Kate Rothwell's Blog, page 40
January 1, 2011
whoops
also I have to report that the durian outside in the composting bin is still intact. Scary, scary fruit.
the opposite of regret
The best thing -- the VERY best thing about not succeeding in a traditional sense (making big bucks etc, becoming famous, writing a best seller, finding True Love) -- is that at a certain point, you are released from expectations. The word potential is no longer used in your presence, and admit it -- that is a hell of an annoying word.
Once you're a failure, you are released from society's notice. Henceforth you get control and are allowed to set your own versions of success. Do not shy from this task of reassigning success to something you shall control. Hey, no one else wants it.
Erase all left-over disappointment, for this is a useless bit of baggage and drags you down to the standards and expectations that no longer apply (probably never did but what the hell--you tried anyway) You will unpack those old expectations, examine each bit -- maybe hold a ceremony to empty it all. I suggest something destructive because that is satisfying. Then hey! Then fling that outdated ersatz Louis Vuitton over the edge of the nearest dumpster. Okay, speaking of failure -- that metaphor is over. No more baggage. And this is a fine goal right there, bucko.
Define your own success.
It's scary and usually not easy (or even possible) to find the words or vision. Even more of a nuisance: You'll note that practically no one else sees or cares about your success. But, yo, so what? You do. You'll know. Turn up that end-of-movie music! You get that rush, the great sigh of relief, the moment of triumph when you stand at the top of the steps admiring the view. You're the one who's beaten the odds (or not, that's fine too) but hey, you'll have the relish of newly defined success.

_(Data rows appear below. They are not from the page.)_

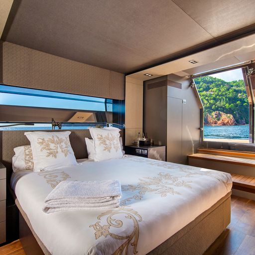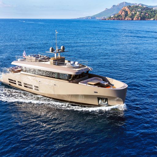 26.2m Kokonut's Wally innovative and unique design blends exceptional volumes with over 280m2 living space. With 2 master cabins with open aft to the "sea terrace" swimming platform, a large beam including tender garage and vast deck areas, Kokonut's Wally is more than 30- larger than the other yachts of this size.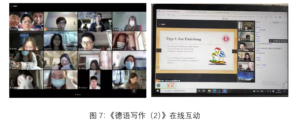 “互动类”课程对师生交流要求较高,任课教师使用一网畅学平台和腾讯会议相结合的方式,通过共享屏幕为学生进行课程知识的传授和讲解,使教学效果尽量接近线下授课。张俊锋、智玉英主讲的《中外科技前沿纵览》、杨一天主讲的《德语写作(2)》、王彦花等主讲的《交互综合英语》课程上,为保证在线教学和课堂教学达到同样的授课效果,老师们纷纷化身为热情洋溢的主播,精心设计课堂任务,积极与同学们进行实时互动,并通过线上作业严格监督同学们的复习情况,从各个环节保证了同学们的学习效果。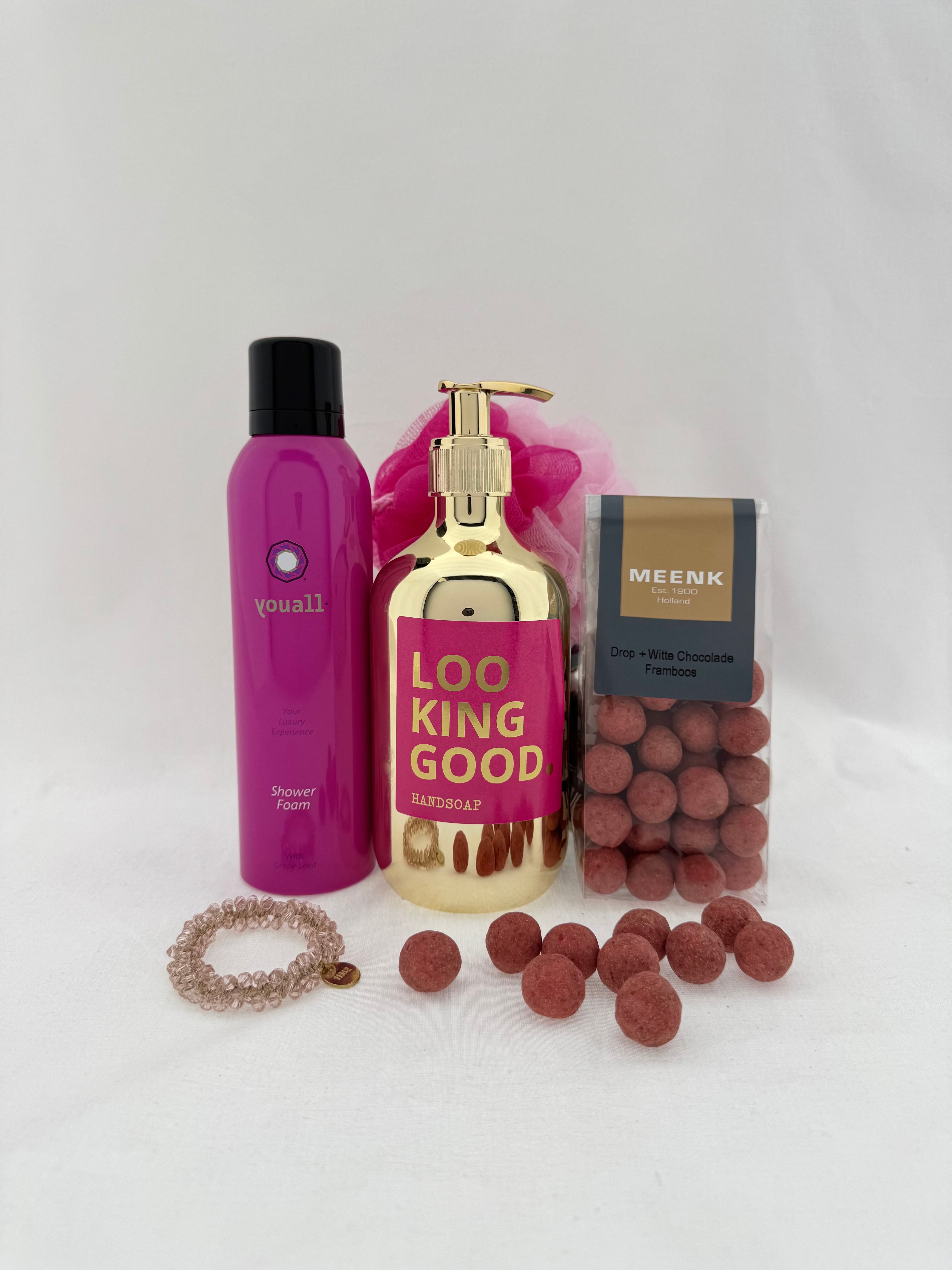 Geef een stijlvol en compleet verwenmoment cadeau! Deze luxe set combineert een heerlijke geurervaring met een vleugje zoet en een elegant accessoire.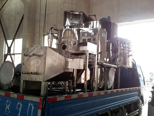 該機彩全封閉形式,所有部件均彩不銹鋼制造,配有三極凈化裝置,過濾后的空氣達十萬級要求。簡體與頂部裝有冷壁裝置,使壁溫<80攝氏度,干燥塔內裝有氣刷掃塔裝置,經該機干燥后的中藥浸膏粉,不會出現焦化變質現象,大大嗇了收粉率(達95%以上),而且不會產生混藥現象和粘壁現象。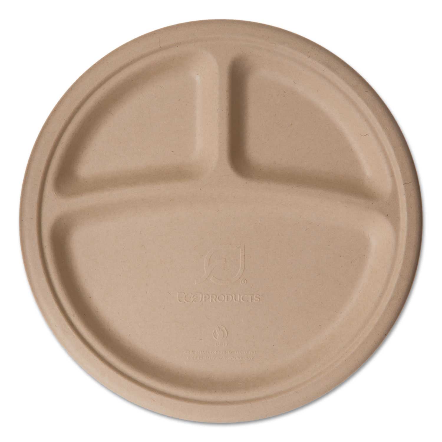 Unique biopulping process ensures these heavyweight champs are sturdy and durable. Made with wheat straw, a rapidly renewable resource. Made from 100 percent renewable and reclaimed resources. Grease and cut resistant. Freezer safe. 3-Compartment Plate. Dinnerware Type: Compartment Plate; Material(s): Wheat Straw; Shape: Round; Diameter: 10 .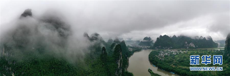 這是在廣西桂林市陽朔縣興坪鎮(zhèn)拍攝的山水風(fēng)光(5月21日攝,無人機(jī)全景照片)?!吧n蒼森八桂,茲地在湘南。江作青羅帶,山如碧玉篸……”一千多年前,唐朝詩人韓愈寫盡桂林山水之美。初夏時節(jié),在廣西桂林市陽朔縣興坪鎮(zhèn),藍(lán)天白云下,煙雨朦朧中,桂林山水盡顯秀美。新華社記者 周華 攝
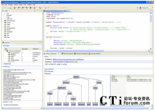 這里強(qiáng)調(diào)的Eclipse插件,除了本身作為優(yōu)秀工具,還提供了附加于Eclipse工作臺內(nèi)的順暢互操作性:你可以一邊看著對應(yīng)呼叫者輸入的對話流程,一邊檢查和完成語音識別語法;你也可以一邊構(gòu)建連接后臺的Web服務(wù)代碼,一邊通過簡單地拖放來調(diào)整應(yīng)用邏輯。開發(fā)者首次擁有了對所有應(yīng)用方面的同時控制,無須在不同IDE之間進(jìn)行切換,或者在選擇單一環(huán)境時在特性上的折衷。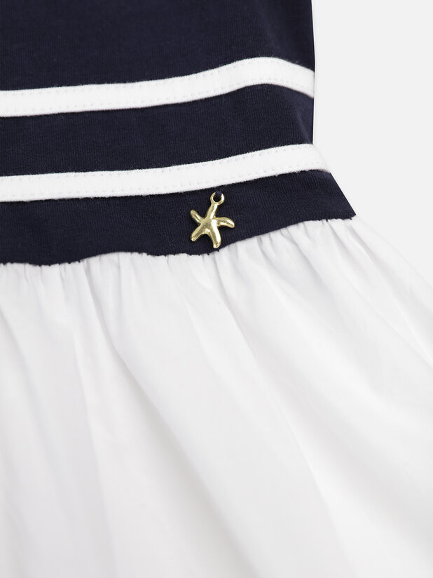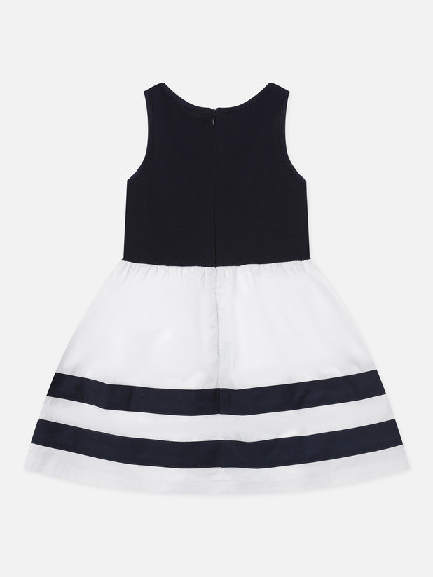 Платье супер! Как с моего детства. Простое и элегантное одновременно. Синий материал верха- нежнейший трикотаж. Белые вставки на нижней юбке платья из белоснежнего батиста. Но надо брать на размер больше, мы вернули с огромным сожалением :((( Дочке вот-вот, без малейшего запаса на вырост летом. Перезакажу на больший размер.

The credits roll, it's the end of the day and you get the slow smile, the tip of the head to acknowledge the silent applause from heaven, the happy spin in the middle of a meadow, or your kitchen, where ever it hits you. Do it again, tomorrow.
You get to build/define or break down the boundaries you'll leap. You get to define your pleasures too. For someone else it might be getting to that spa in Arizona. For you, it's getting out the door of your house at least twice in a week. Who's to say which person has a greater sense of satisfaction at taking that trip? Comparisons are odious, but still....I make them because shit, I can't seem to stop.
Stop looking around at everyone else for the answers or the pats on the back. Okay, maybe stop looking for answers at all. Shut up and do. Or if you can't do, write. And if you can't write, sing. And if you can't sing or write or tap dance or learn Spanish....Don't give up. That's a fine goal, right there. You live. That's worth a standing ovation. Give it to yourself.
December 31, 2010
end of the year regrets
I regret not filling in those details in the contest that'll help. I'll add those later.
I, like many other people, regret those shoes with toes. I regret that they don't seem to be going away.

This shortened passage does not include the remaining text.